- WHAT TO PRODUCE
Your answer must be the line containing "Купить Труба гофрированная" and each following line to the end of the listing below, copied exactly, with pictures removed and nothing added.

- GIVEN RECORDS
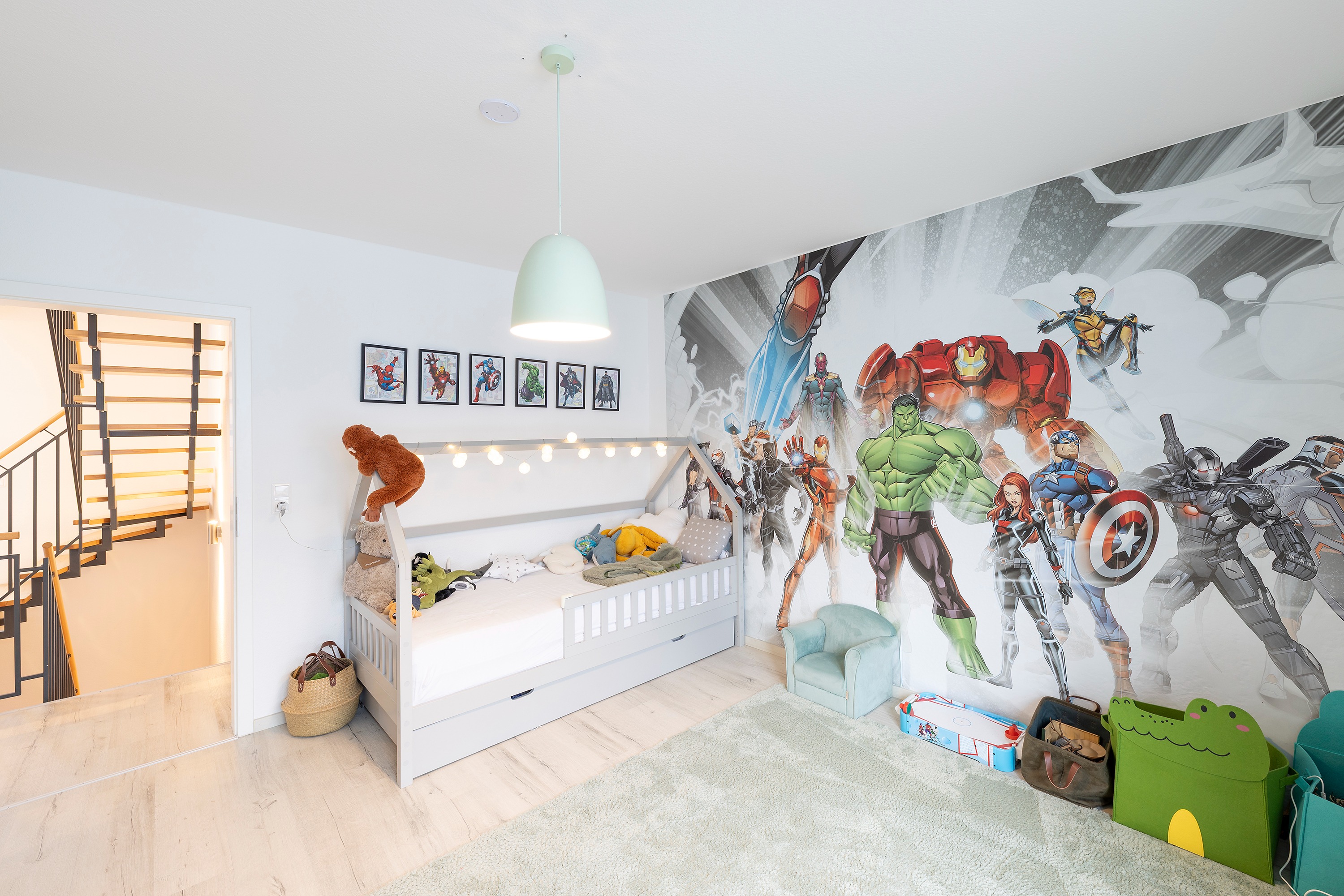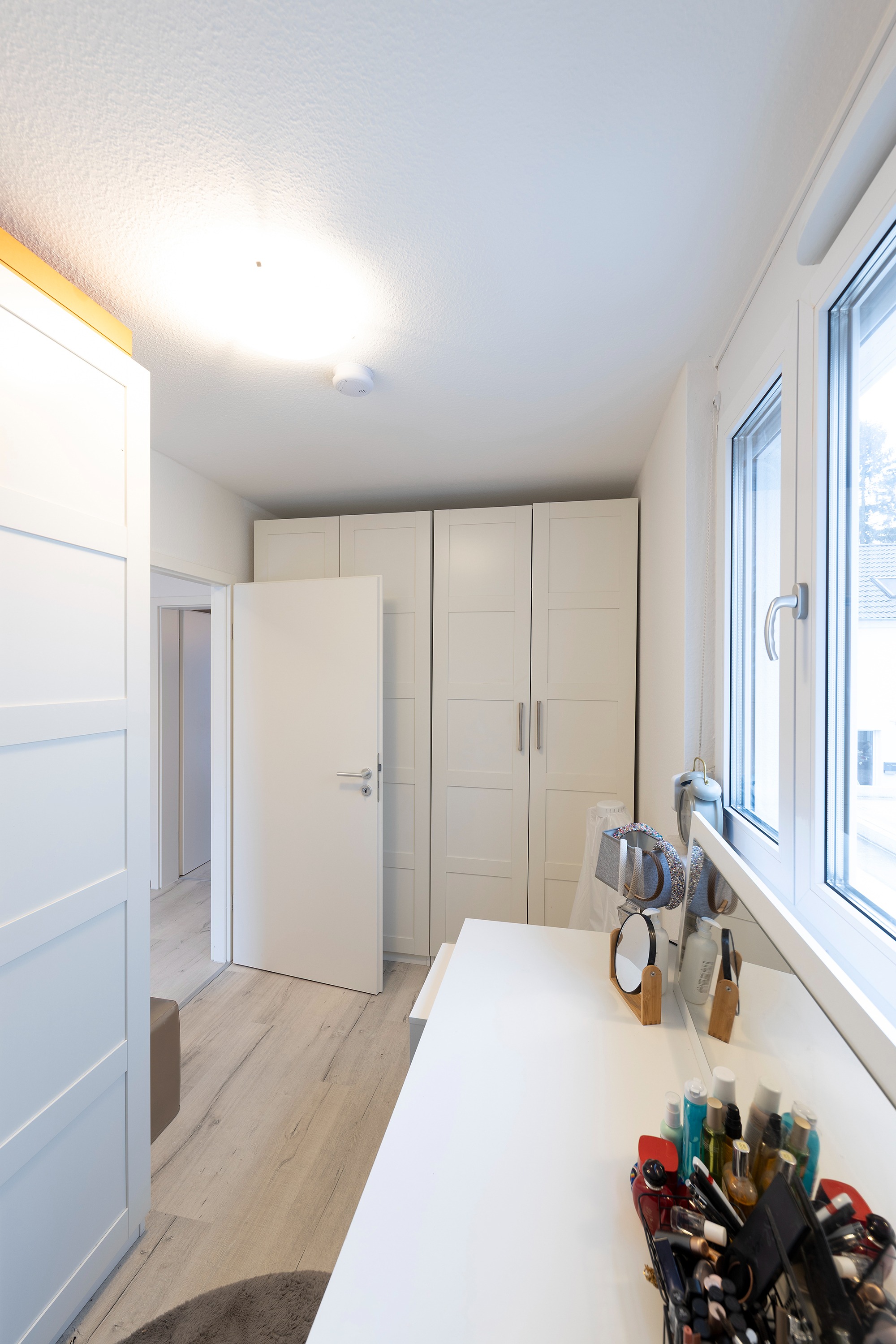 Die erste Etage besteht aus zwei Schlafzimmern, einem kleinern Ankleidezimmer und dem Badezimmer.
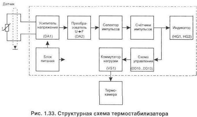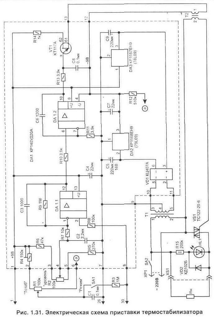 Нередко в быту требуется поддерживать заданную температуру в ограниченном объеме пространства. Это может быть аквариум, хранилище продуктов, инкубатор, сушильный шкаф или подогреватель детского питания. Удобно, если при работе такого устройства будет еще и цифровая индикация фактической температуры. Вашему вниманию предлагается два варианта выполнения автоматических устройств для поддержания заданной температуры. Термостабилизатор с использованием микросхемы КР572ПВ5В литературе [Л10, Л11] опубликованы простые схемы цифровых измерителей температуры, выполненные на основе микросхемы аналого-цифрового преобразователя (АЦП) КР572ПВ5 и цифровом жидкокристаллическом индикаторе ИЖЦ5-4/8. Эта микросхема изготовлена по МОП технологии и все устройство вместе с индикатором от источника питания (9 В) потребляет ток не более 2 мА. Такой измеритель температуры не сложно превратить в термостабилизатор. Для этого потребуется подключить к указанным выше устройствам схему управления нагревательным элементом, как это показано на рис. 1.30. Методика изготовления и настройки непосредственно измерителя температуры подробно приводится в указанной выше литературе и поэтому здесь описываться не будет. Рассмотрим более подробно только электрическую схему приставки термостабилизатора (рис. 1.31). Ее принцип работы основан на том, что порог переключения исполнительного устройства (электронного коммутатора напряжения в нагрузке) устанавливается по показаниям цифрового индикатора, имеющегося в измерителе температуры. Фактически микросхема (КР572ПВ5) является цифровым вольтметром, который измеряет напряжение, поступающее с термо-
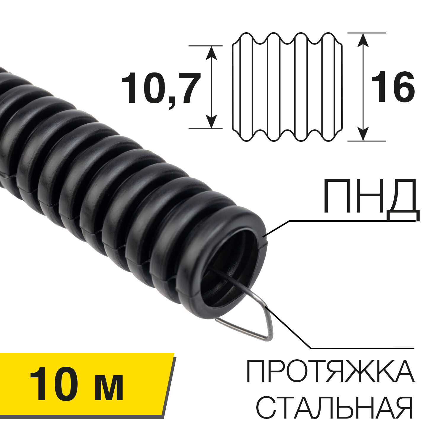 Купить Труба гофрированная Rexant из ПНД с зондом, черная, диам. 16 мм (бухта 10 м)
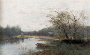 Strandlandskap Med Brygga Och Sjobod, Sommarmotiv Fran Halland
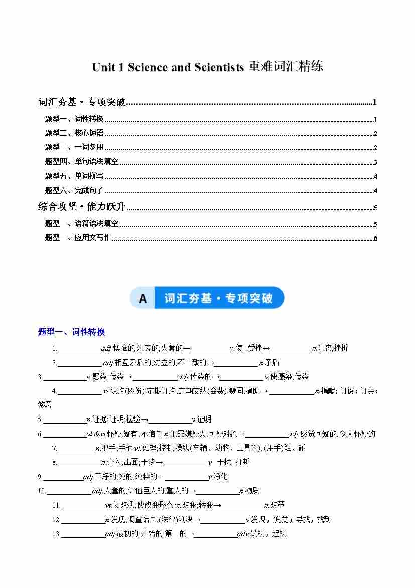 Unit 1 Science and Scientists(重难词汇精练)(学生版)

- ANSWER AREA
 Купить Труба гофрированная Rexant из ПНД с зондом, черная, диам. 16 мм (бухта 10 м)
 Strandlandskap Med Brygga Och Sjobod, Sommarmotiv Fran Halland
 Unit 1 Science and Scientists(重难词汇精练)(学生版)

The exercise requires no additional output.